她抿了抿唇,不免露出一丝赌徒得意的微笑。

门口突然响起锁拧动的声音,水慕卿脚步一滞,缓慢地停了下来。

他终于来了!

欣喜这一刻的相见却感伤接下来要做的事。正思考如何进行时,楼下的尚宸君不经意抬眼发现了她的身影,似不敢相信般,他轻轻唤道:“慕卿?”

“是你吗?慕卿?”

水慕卿背对着他,双唇紧紧地抿着,深深地呼出一口气,提起行李箱下定决心要走。

听到他匆匆大步上楼的声音,她故作惊讶地急忙转身,霎时露出无法柔和亲切的笑,自顾自道:“我来收拾东西,这就走。”说着就慌张拉动箱子。

原急切欣喜的步伐不自觉地缓慢停顿,尚宸君终于意识到什么,只得故作平静地微笑道:“我帮你吧。”

走上前,执意地从她手里接过箱子,他转身往楼口走去。在听到她轻声“谢谢”那一刹,长了茧的心还是无法抑制地抽痛起来。

他们还是回到了原点,原来客气相待、礼貌有加的某点。当往事不复未来无法寻觅追求,只能眼睁睁看着当前的苍白凄凉,整颗心如同被掏空再无期待。

他该问吗?该问明白这样做是不是符合她的心意吗?可是她这样本来就是要让他做到令她满意,如果他问了,只会让她失望,半途而废吧?

行至门前,她不留眷恋地伸出手开门,却被身后静等的他猝不及防地拉住手腕。他的手毫无温度的冰冷,如同血液抽干不再流动,只徒留躯壳忍不住地微微颤栗。

她不去看他,还是听见他声线苍凉低哑地说:“陪陪我。”

“就算是陪我最后一晚,以后也不知道有没有机会留你在身边;陪我最后一晚,明天我一个人去面对。”

眼中隐藏的欣喜的泪和心一起轻息颤抖着,她缓缓收回搭放在门锁上的手,同他握着她的手一起缓落。

“那……我陪你说说话吧,其实我也有一肚子的话想跟你说。”终于有了机会给他最后一个线索,水慕卿转身向钢琴走去,他握着的手亦渐渐放开,缓缓侧身看向她的背影。

“还记得你弹给我听的第一首曲子吗?”她白净透明的手指轻抚明洁钢琴,背对着他细细忆起过往甜蜜。

“舒伯特版的《摇篮曲》。”他稍稍低着头,踱步向沙发走去,“那时你才四岁,每天一到睡觉的时候就闹腾不停,叔叔阿姨拿你没办法。”

她慢慢抬起头,迎上透进窗内的夕辉,“从那以后,只要听到这首曲子,我就能乖乖入睡,不吵不闹。
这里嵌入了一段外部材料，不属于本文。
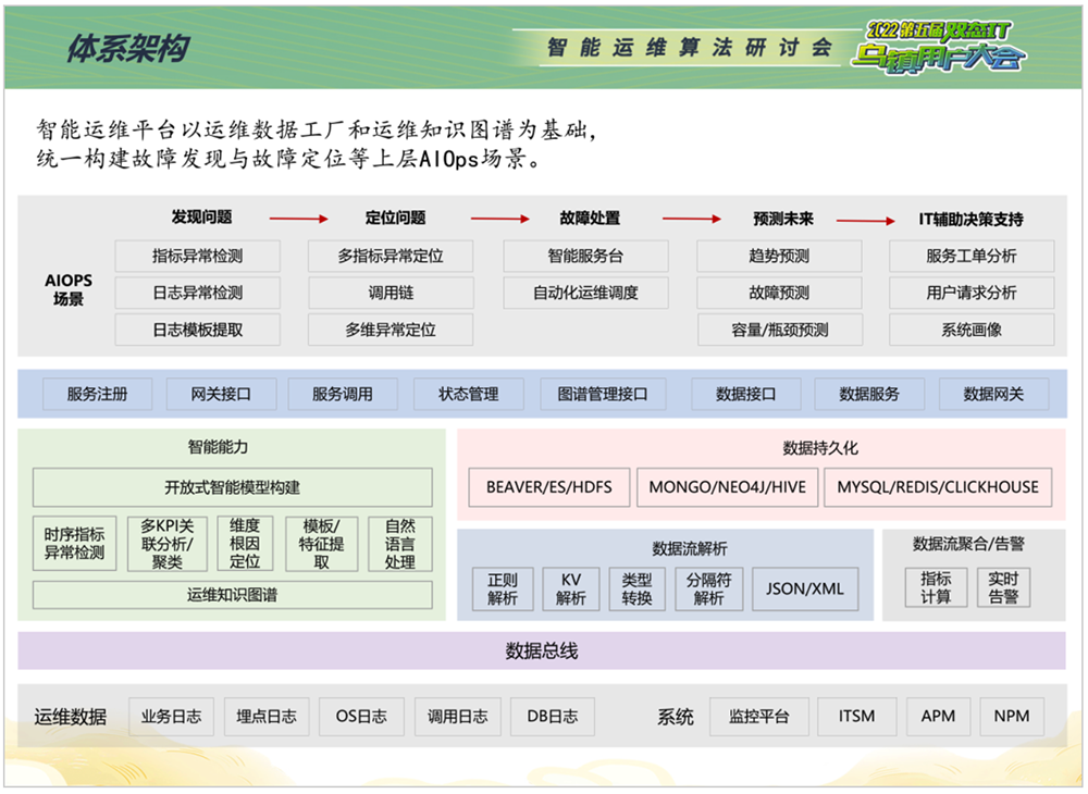 整个平台采用开放式架构,综合智能算法、微服务、数据总线,实现服务接口和各类数据的模块化组织,快速迭代去建设新的运维场景。

”

“后来阿姨送你去学舞蹈,你总要跳舞到精疲力尽才肯听话去睡觉。”他沉缓地坐进沙发,模糊的眸内似乎映出她娇小的身姿轻歌曼舞,双唇紧抿抹出一丝笑意。

“可我却缠着你,要你练会每一曲舞蹈的旋律。”

“我要是学不会,你就闹脾气不再理我,还会向爸爸妈妈告我的状,说我为大不尊欺负你。”然后便会受到爸妈的一顿斥责,他只能百口莫辩,恶狠狠地瞪着一旁看戏的她得意洋洋地扬着下巴。

“后来你终于弹会了那一首《白漪》。”

“那是我练了好几个晚上,吵得邻居一见到我就恶眼相对,才终于弹出了钢琴版。”

夕阳的余晖洒在柔软的风中,映红了漫天的云彩,清亮的海水被天空染得缤纷绚烂。

“你知道吗?在小镇三年,每当我觉得生活好重有不想活下去的愚蠢念头时,我总会想起这首曲子,想起舞蹈的步伐,便在飘荡着泥土气息的小路上忘乎一切地跳起舞来。每当那个时候,我就会觉得,我的生活还是充满了快乐和希望的。”

夜里海风倍加凉爽刺骨,卷着浪潮涌上沙滩,一阵一阵滚涛拍击,声音如心跳般规律富有节奏。

“记得那幅你从门缝底下塞给我的画吗?”尚宸君低垂着乌黑长睫,落在眼前透亮玻璃桌的视线被往事凝结,不曾有丝缕波动,“除了我拿走的那幅画外,这幅小图我一直留着。每当我生气恼怒的时候,我就看看它,提醒自己要冷静。”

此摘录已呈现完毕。